START INFORMATION SUPPLIED
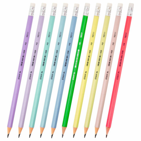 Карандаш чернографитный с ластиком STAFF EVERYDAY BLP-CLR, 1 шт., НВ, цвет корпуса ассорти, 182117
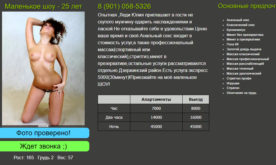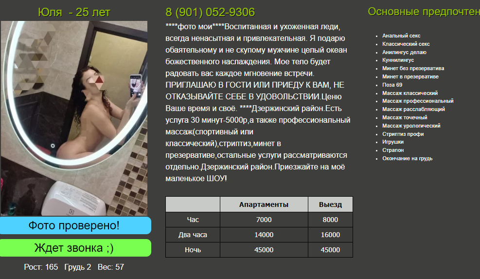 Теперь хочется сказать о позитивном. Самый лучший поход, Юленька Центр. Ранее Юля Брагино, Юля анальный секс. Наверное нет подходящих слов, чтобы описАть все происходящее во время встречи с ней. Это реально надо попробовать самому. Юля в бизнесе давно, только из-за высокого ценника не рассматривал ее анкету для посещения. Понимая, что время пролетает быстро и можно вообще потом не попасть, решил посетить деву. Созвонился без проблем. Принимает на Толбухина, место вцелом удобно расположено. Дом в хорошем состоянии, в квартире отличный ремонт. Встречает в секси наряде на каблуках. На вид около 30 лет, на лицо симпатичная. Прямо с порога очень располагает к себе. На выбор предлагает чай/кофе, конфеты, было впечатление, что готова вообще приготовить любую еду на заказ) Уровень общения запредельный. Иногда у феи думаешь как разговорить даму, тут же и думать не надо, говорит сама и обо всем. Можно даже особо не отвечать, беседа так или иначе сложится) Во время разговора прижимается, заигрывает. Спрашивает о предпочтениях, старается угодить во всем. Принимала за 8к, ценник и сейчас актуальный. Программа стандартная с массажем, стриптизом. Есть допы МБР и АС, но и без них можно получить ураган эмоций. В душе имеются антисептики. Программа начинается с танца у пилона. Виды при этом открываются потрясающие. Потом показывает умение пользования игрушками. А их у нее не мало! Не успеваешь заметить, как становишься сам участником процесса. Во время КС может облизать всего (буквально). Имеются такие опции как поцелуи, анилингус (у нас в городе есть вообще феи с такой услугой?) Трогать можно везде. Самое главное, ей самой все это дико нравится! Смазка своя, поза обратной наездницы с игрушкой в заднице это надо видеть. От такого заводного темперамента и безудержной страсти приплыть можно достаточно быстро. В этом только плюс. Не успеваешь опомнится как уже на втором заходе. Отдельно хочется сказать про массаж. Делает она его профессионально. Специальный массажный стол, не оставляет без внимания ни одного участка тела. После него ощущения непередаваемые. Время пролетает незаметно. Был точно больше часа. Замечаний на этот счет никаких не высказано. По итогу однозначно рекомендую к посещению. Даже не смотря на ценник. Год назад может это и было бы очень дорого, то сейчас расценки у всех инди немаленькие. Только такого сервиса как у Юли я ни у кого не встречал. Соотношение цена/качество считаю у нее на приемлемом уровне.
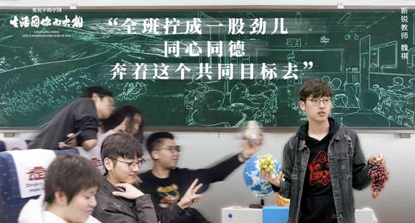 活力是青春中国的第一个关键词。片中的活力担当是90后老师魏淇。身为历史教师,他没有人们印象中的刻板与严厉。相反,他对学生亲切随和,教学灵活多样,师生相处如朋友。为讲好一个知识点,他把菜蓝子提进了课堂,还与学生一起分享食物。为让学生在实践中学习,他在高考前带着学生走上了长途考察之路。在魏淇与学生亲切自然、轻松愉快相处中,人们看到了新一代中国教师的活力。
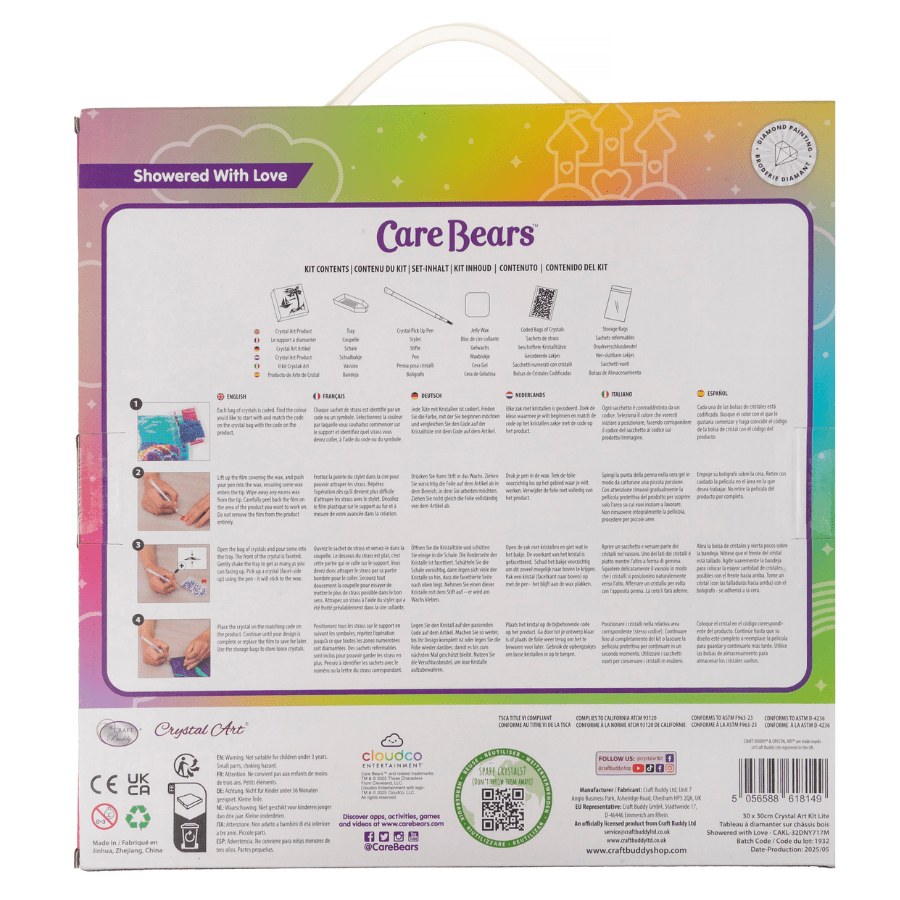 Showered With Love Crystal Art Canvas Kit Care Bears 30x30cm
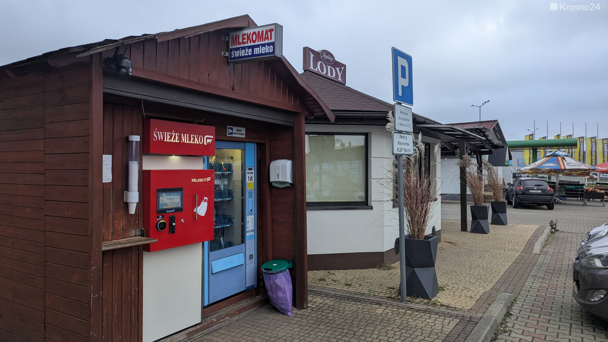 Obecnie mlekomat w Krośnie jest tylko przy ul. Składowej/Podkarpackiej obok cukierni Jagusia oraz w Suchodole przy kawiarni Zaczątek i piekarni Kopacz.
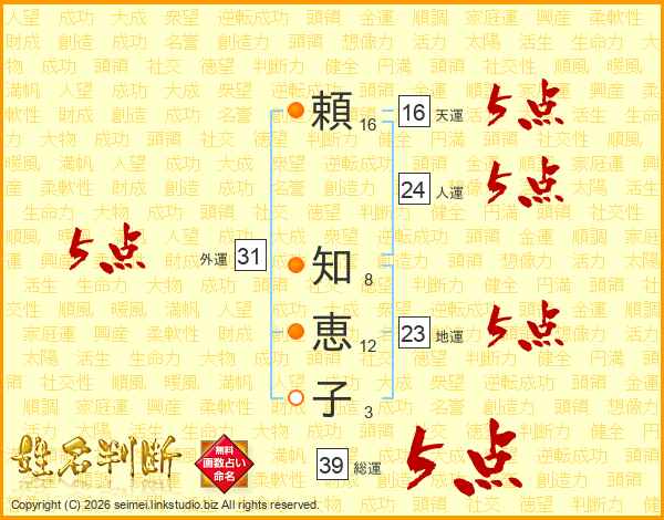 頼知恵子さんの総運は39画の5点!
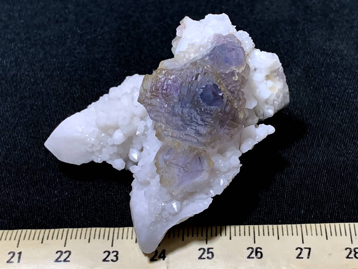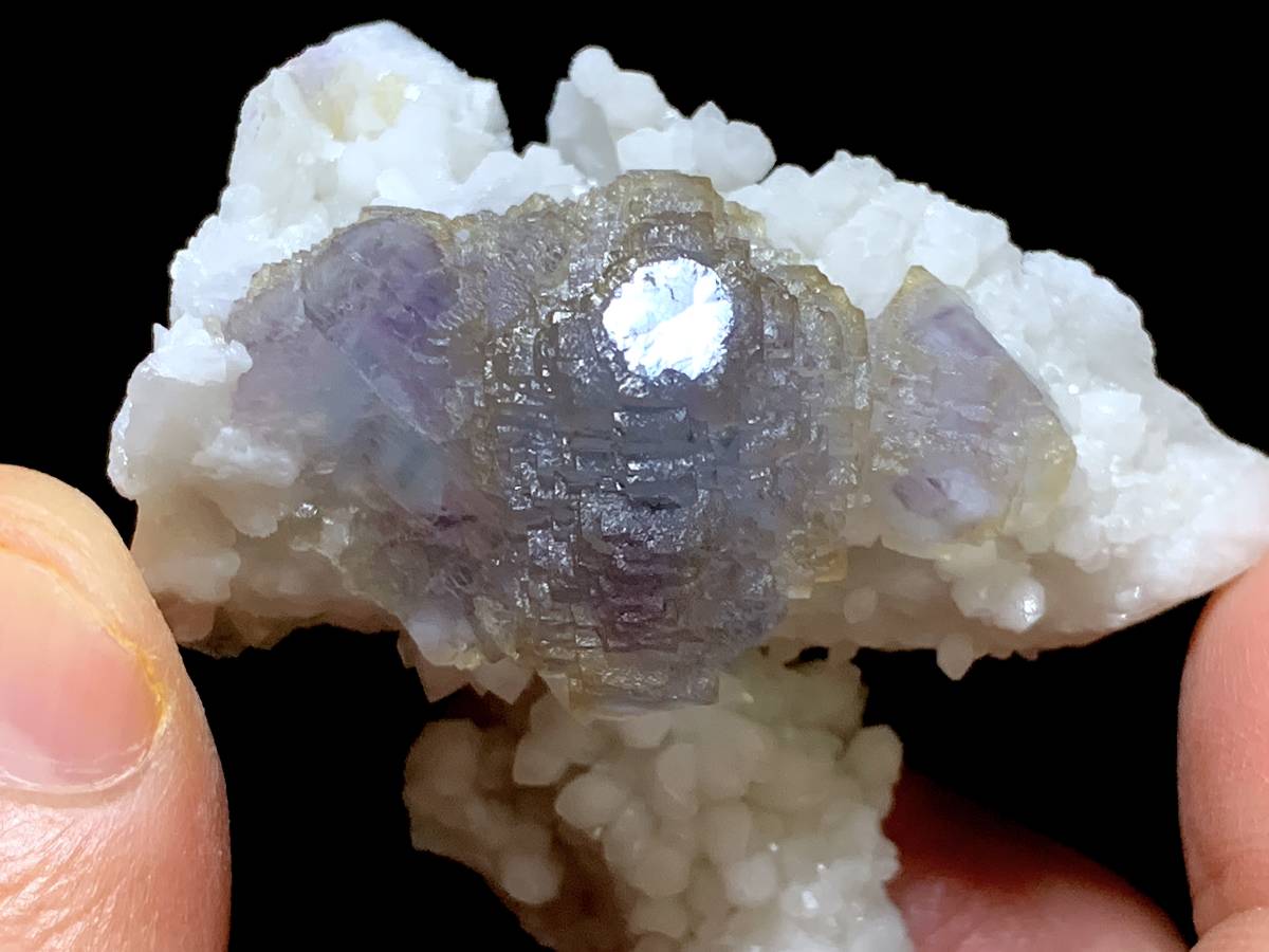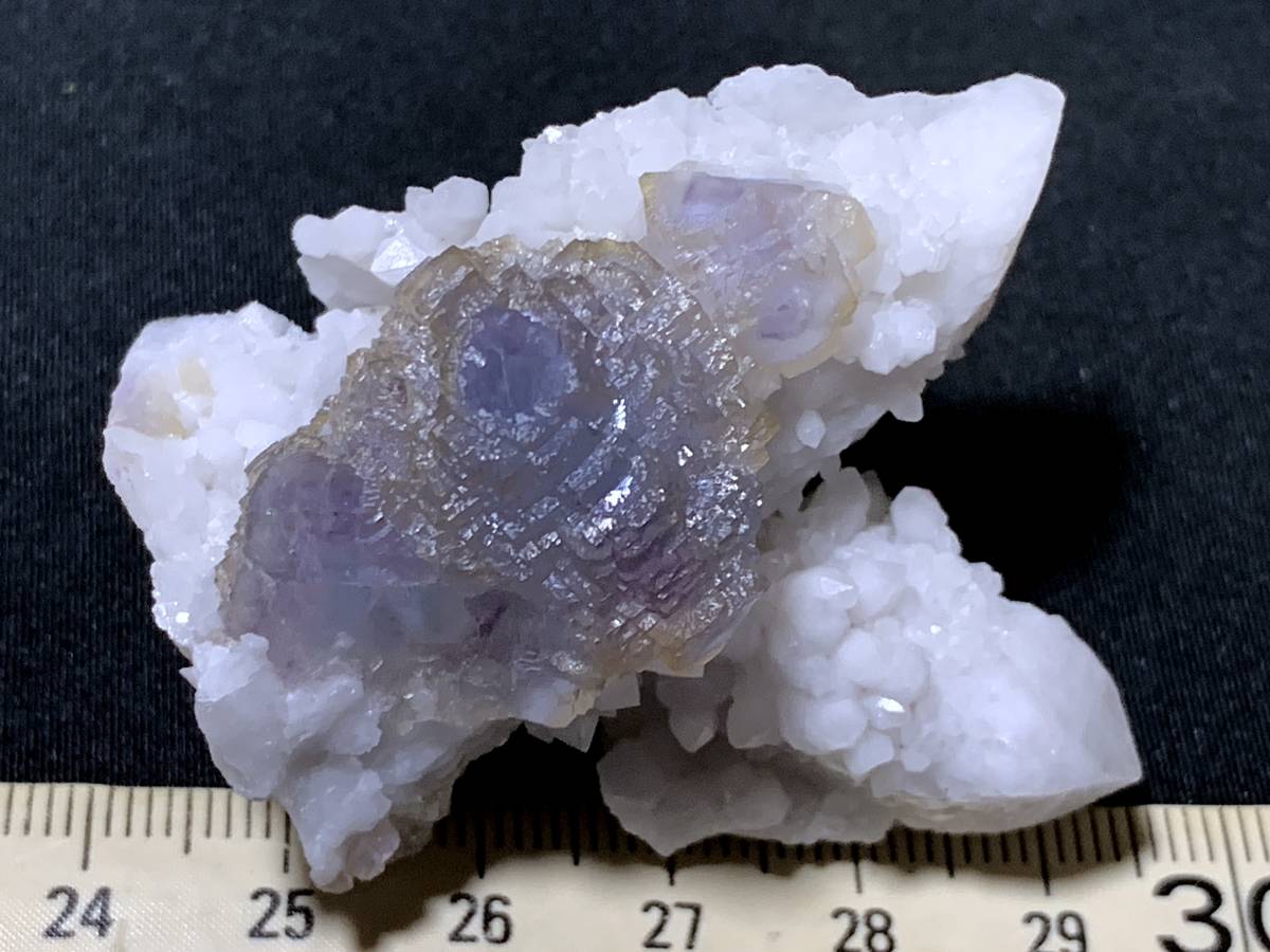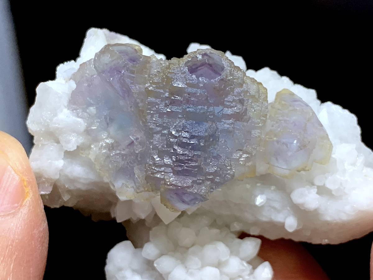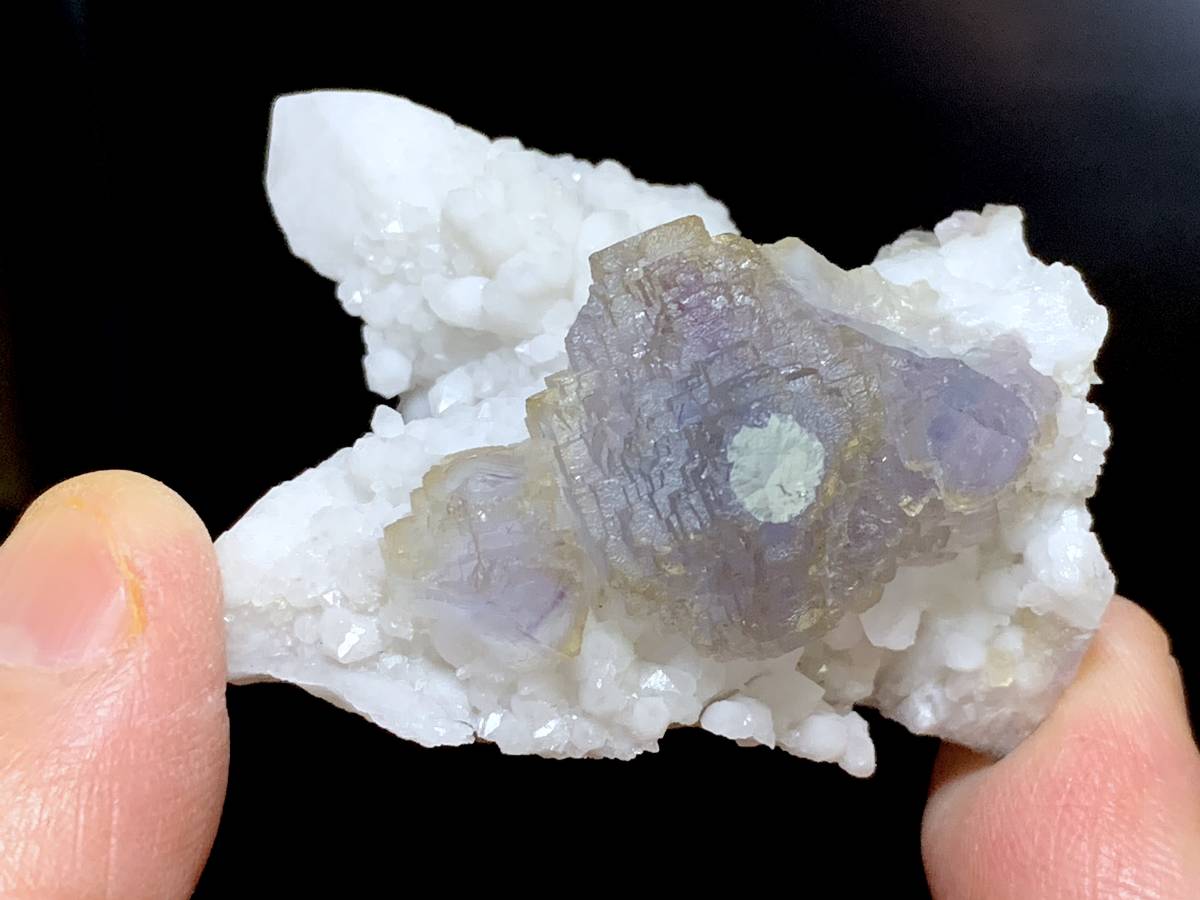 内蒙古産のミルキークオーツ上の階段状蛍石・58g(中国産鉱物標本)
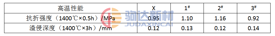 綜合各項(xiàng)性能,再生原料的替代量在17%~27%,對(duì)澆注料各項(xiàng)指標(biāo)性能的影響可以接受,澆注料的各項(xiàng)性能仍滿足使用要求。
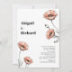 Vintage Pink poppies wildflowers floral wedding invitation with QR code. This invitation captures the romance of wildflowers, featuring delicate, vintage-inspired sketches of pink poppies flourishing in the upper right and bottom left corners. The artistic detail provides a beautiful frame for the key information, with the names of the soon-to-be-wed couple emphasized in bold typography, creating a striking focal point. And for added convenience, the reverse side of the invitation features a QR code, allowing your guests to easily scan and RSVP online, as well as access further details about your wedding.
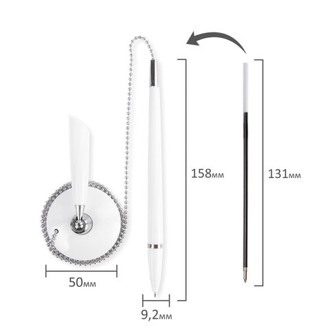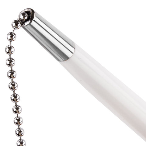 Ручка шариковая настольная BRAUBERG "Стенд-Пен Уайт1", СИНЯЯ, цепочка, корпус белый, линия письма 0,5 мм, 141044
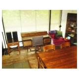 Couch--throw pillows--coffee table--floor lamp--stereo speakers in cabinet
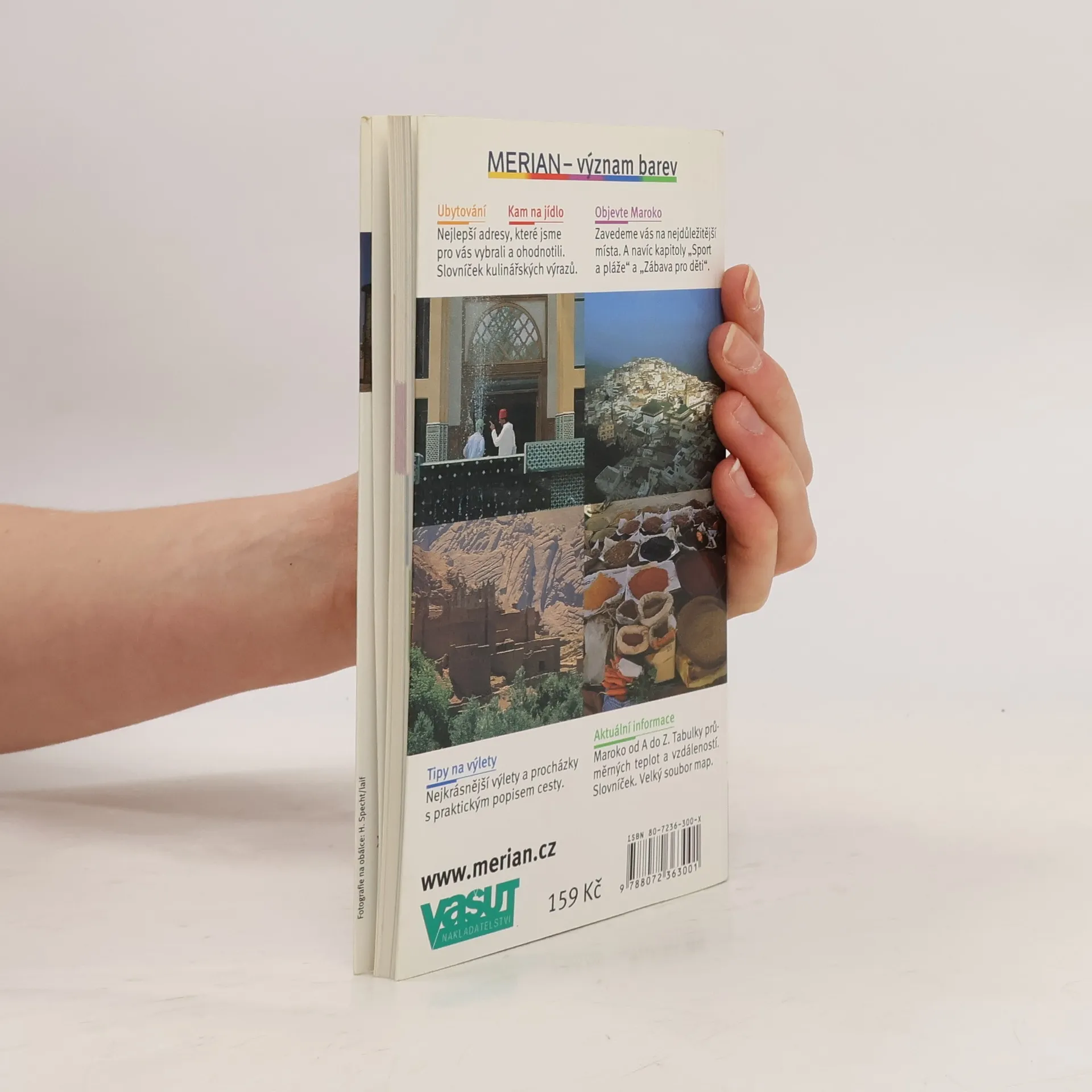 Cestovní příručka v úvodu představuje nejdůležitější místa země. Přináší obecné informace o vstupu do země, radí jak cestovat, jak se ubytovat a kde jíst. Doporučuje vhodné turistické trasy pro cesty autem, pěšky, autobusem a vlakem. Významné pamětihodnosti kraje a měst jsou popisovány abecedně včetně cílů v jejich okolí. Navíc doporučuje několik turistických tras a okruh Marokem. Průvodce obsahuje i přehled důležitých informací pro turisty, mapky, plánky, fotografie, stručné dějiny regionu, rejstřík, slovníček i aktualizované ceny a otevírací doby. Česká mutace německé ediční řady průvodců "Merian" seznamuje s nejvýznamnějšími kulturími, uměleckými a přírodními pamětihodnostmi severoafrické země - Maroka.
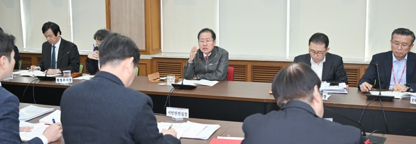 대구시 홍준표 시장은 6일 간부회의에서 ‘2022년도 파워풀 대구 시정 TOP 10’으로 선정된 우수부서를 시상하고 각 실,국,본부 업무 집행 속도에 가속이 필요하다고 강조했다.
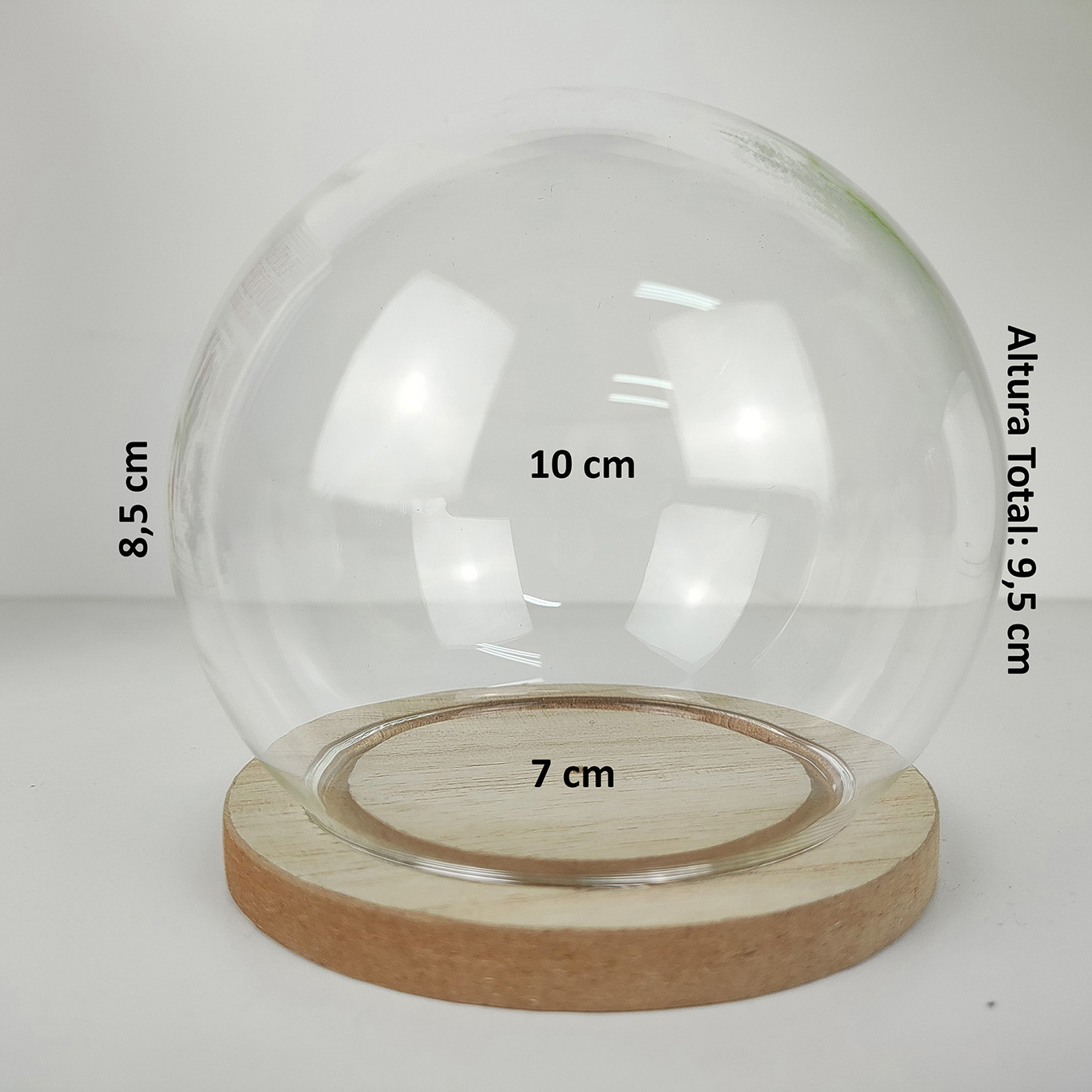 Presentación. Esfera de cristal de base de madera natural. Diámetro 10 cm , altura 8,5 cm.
END INFORMATION SUPPLIED
Write out the lines that run from the line containing "Cestovní příručka v" to the end of the entries, inclusive, exactly as written. Skip every picture.

 Cestovní příručka v úvodu představuje nejdůležitější místa země. Přináší obecné informace o vstupu do země, radí jak cestovat, jak se ubytovat a kde jíst. Doporučuje vhodné turistické trasy pro cesty autem, pěšky, autobusem a vlakem. Významné pamětihodnosti kraje a měst jsou popisovány abecedně včetně cílů v jejich okolí. Navíc doporučuje několik turistických tras a okruh Marokem. Průvodce obsahuje i přehled důležitých informací pro turisty, mapky, plánky, fotografie, stručné dějiny regionu, rejstřík, slovníček i aktualizované ceny a otevírací doby. Česká mutace německé ediční řady průvodců "Merian" seznamuje s nejvýznamnějšími kulturími, uměleckými a přírodními pamětihodnostmi severoafrické země - Maroka.
 대구시 홍준표 시장은 6일 간부회의에서 ‘2022년도 파워풀 대구 시정 TOP 10’으로 선정된 우수부서를 시상하고 각 실,국,본부 업무 집행 속도에 가속이 필요하다고 강조했다.
 Presentación. Esfera de cristal de base de madera natural. Diámetro 10 cm , altura 8,5 cm.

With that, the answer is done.